Saturday, July 11, 2009

Money & Business

What's Behind the Stock Market Plunge

By Paul J. Lim
Posted 2/28/07

Q: What caused Tuesday's stock market plunge?

A: Many investors are blaming yesterday's sell-off on China's market meltdown. On Tuesday, the Shanghai stock index lost nearly 9 percent of its value, as the government hinted that it wanted to find ways to curtail the huge amount of speculation in its stock market. This explains why some are referring to yesterday's stock slide as the "China Syndrome" or "the Shanghai Surprise."

But China was only one of many drivers that pushed stocks lower.

After weeks of stabilizing, oil prices are again marching higher. Yesterday, crude oil prices climbed back above $61 a barrel. Meanwhile, the Commerce Department reported that new orders for durable goods fell a surprising 7.8 percent in January–signaling that the economy many not be as resilient as some think. This seemed to support fears that former Federal Reserve Chairman Alan Greenspan raised this week, when he hinted that the U.S. economy could still slip into recession sometime this year.
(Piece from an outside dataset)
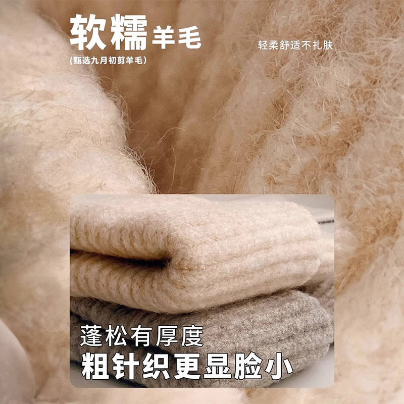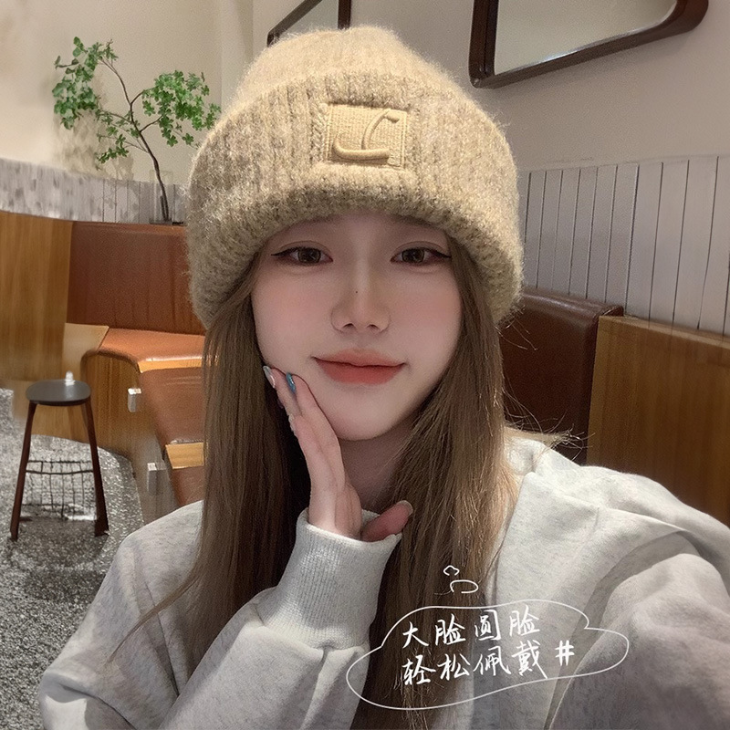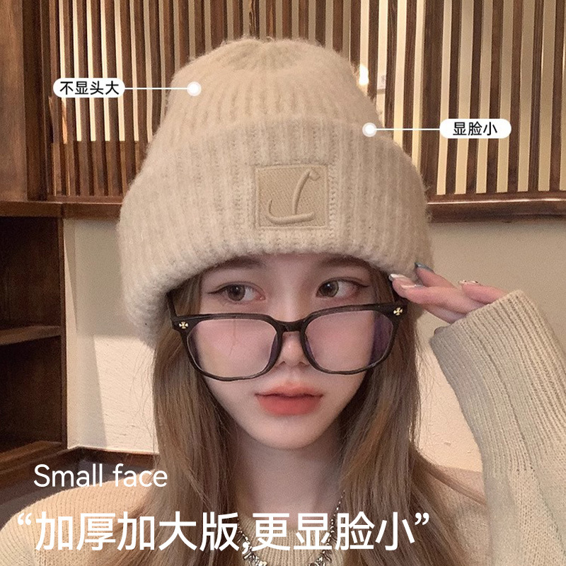 毛线帽护耳女秋冬新款大头围针织加厚保暖冷帽堆堆帽子显脸小冬季

Finally, adding to the selling was another round of geopolitical uncertainty, as reports emerged that Vice President Dick Cheney may have been the target of an unsuccessful suicide bombing attack this week during his trip to Afghanistan.

How bad was the sell-off?

When you measure it based on points, it was terrible. The Dow Jones industrial average fell 416.02 points, marking the biggest one-day decline since Sept. 17, 2001. It was also the seventh-worst single-day performance for the Dow ever.
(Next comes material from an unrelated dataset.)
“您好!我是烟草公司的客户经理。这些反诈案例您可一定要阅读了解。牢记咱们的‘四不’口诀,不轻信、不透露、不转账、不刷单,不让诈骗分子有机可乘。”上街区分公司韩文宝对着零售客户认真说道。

But you have to remember that the Dow is starting off from a much higher base–in fact, it was trading near record highs before the slide. So while 416 points sounds terrible, it wasn't that bad when measured in percentage terms. On that basis, the Dow fell 3.3 percent Tuesday, which was the worst performance since the days leading up to the war in Iraq in March 2003. And on percentage terms, this didn't even crack the top 250 worst trading days in history.

How did the market react this morning?

While Asian stocks generally slumped in reaction to yesterday's news, the good news was that stocks rebounded in mainland China today–and they appear to be rebounding slightly in the U.S. as well. The Dow Jones industrial average jumped more than 60 points at the open, as some bargain hunters came into the picture. Then, the benchmark index fell back to about even. But by around 10:45 a.m. EST, the Dow was back up more than 100 points.

Was there a silver lining to the market's decline?

Yes. The sell-off offers some investors a buying opportunity to get back into the market. After all, stock prices are 3 percent cheaper than they were a day ago. Investors must also keep in mind that stock prices aren't supposed to go straight up. In fact, bull market rallies are usually peppered with minor sell-offs and corrections that give investors time to rest–and re-enter the market at attractive prices.

In this way, market slides can be thought of as earthquakes. While no one wants to live through a quake, it's always better to experience a minor tremor rather than the big one. And just as small tremors alleviate pressure making large quakes less likely, modest sell-offs often embolden the bulls in a bull market.